*Records:*
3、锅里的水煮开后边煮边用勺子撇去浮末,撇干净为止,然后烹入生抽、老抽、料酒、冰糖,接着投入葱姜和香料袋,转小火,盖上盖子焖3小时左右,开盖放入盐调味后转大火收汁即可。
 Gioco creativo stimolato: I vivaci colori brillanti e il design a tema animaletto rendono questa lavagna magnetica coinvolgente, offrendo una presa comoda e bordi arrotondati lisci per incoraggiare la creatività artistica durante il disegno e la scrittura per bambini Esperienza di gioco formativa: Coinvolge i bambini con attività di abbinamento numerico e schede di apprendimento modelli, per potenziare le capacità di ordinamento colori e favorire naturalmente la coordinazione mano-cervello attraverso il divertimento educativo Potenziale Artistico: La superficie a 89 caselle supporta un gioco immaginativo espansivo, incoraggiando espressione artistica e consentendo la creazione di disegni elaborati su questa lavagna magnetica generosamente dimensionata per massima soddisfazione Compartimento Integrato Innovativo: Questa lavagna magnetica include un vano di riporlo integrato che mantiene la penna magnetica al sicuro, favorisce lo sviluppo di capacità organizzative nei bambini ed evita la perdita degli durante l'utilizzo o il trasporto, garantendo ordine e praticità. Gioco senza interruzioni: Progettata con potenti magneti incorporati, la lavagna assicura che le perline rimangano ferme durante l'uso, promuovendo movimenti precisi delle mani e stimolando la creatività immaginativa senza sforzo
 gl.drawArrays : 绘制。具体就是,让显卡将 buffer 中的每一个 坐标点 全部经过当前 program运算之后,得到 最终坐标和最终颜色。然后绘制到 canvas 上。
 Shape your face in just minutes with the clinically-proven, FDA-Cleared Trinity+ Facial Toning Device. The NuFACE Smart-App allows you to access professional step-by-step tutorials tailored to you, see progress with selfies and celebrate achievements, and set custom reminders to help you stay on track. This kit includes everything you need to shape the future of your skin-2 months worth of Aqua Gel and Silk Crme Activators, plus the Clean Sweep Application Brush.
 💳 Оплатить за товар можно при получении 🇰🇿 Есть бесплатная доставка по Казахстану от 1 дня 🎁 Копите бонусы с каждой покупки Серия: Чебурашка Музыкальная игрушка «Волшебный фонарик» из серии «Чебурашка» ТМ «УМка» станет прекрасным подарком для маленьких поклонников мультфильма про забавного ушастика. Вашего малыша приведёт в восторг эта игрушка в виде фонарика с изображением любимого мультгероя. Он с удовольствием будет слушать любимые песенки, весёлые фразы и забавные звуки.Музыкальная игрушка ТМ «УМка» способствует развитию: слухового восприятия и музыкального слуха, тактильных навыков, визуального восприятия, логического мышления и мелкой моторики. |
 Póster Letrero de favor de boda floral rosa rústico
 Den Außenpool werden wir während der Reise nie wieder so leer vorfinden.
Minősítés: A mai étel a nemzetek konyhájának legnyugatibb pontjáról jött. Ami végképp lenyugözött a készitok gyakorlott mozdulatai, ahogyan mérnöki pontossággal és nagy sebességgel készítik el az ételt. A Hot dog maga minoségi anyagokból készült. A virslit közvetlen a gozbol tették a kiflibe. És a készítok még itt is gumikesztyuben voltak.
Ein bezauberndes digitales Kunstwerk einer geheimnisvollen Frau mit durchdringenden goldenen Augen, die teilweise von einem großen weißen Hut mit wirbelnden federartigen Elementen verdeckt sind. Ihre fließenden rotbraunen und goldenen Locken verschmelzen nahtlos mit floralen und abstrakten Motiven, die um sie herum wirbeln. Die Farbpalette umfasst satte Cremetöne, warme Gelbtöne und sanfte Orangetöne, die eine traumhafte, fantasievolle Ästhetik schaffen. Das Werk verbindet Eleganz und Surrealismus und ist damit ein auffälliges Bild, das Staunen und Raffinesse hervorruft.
* * *
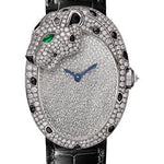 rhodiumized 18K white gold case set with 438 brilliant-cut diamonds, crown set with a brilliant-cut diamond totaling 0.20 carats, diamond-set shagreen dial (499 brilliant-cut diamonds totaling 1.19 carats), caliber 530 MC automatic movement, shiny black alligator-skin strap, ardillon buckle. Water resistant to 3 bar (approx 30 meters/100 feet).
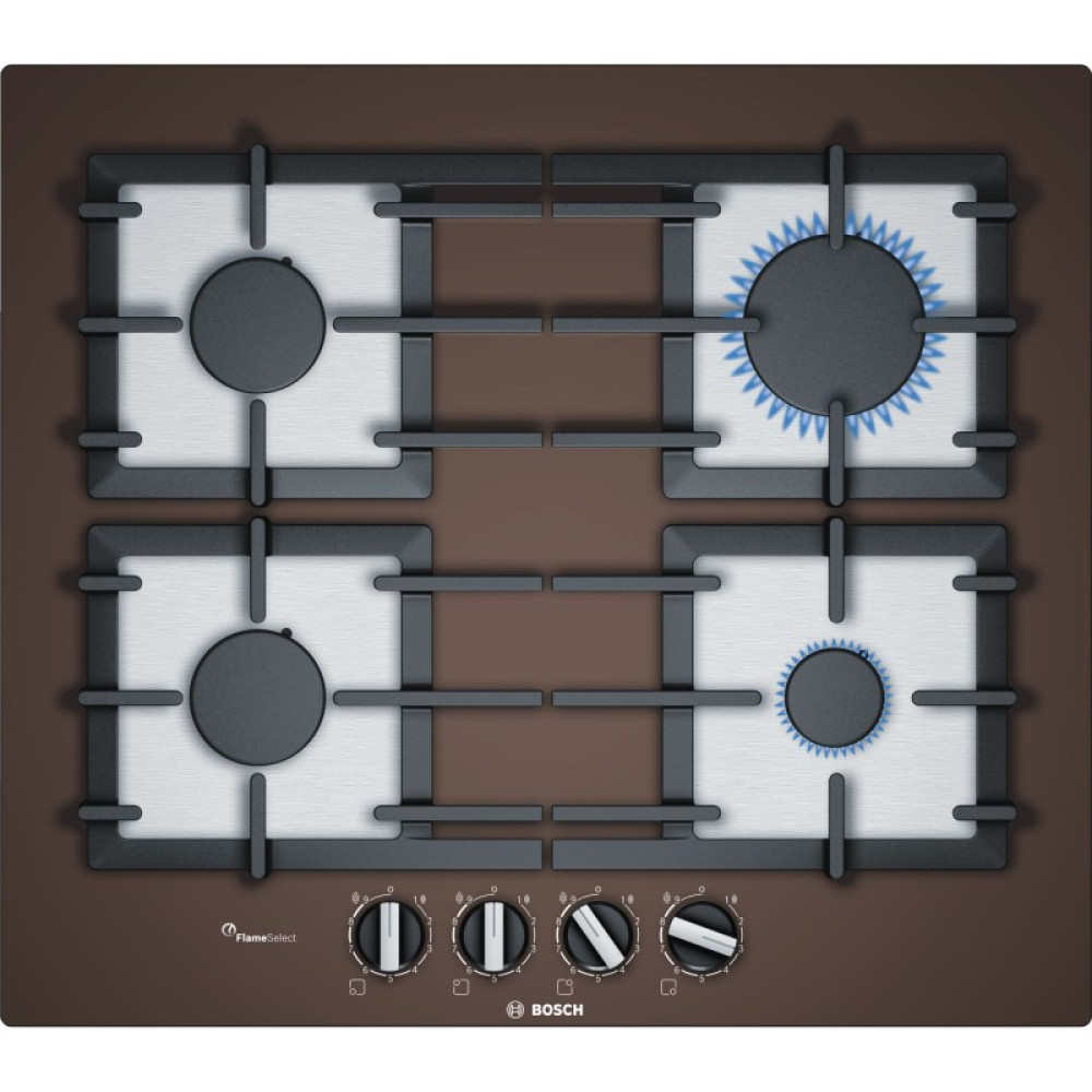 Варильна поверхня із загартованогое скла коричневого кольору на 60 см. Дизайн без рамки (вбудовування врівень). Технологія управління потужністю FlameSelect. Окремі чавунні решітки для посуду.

*What you are asked to do:*
From the listing above, restate verbatim the lines running from the one with "rhodiumized 18K white" through the one with "Варильна поверхня із", inclusive, but not the pictures.

*Solution to this exercise:*
 rhodiumized 18K white gold case set with 438 brilliant-cut diamonds, crown set with a brilliant-cut diamond totaling 0.20 carats, diamond-set shagreen dial (499 brilliant-cut diamonds totaling 1.19 carats), caliber 530 MC automatic movement, shiny black alligator-skin strap, ardillon buckle. Water resistant to 3 bar (approx 30 meters/100 feet).
 Варильна поверхня із загартованогое скла коричневого кольору на 60 см. Дизайн без рамки (вбудовування врівень). Технологія управління потужністю FlameSelect. Окремі чавунні решітки для посуду.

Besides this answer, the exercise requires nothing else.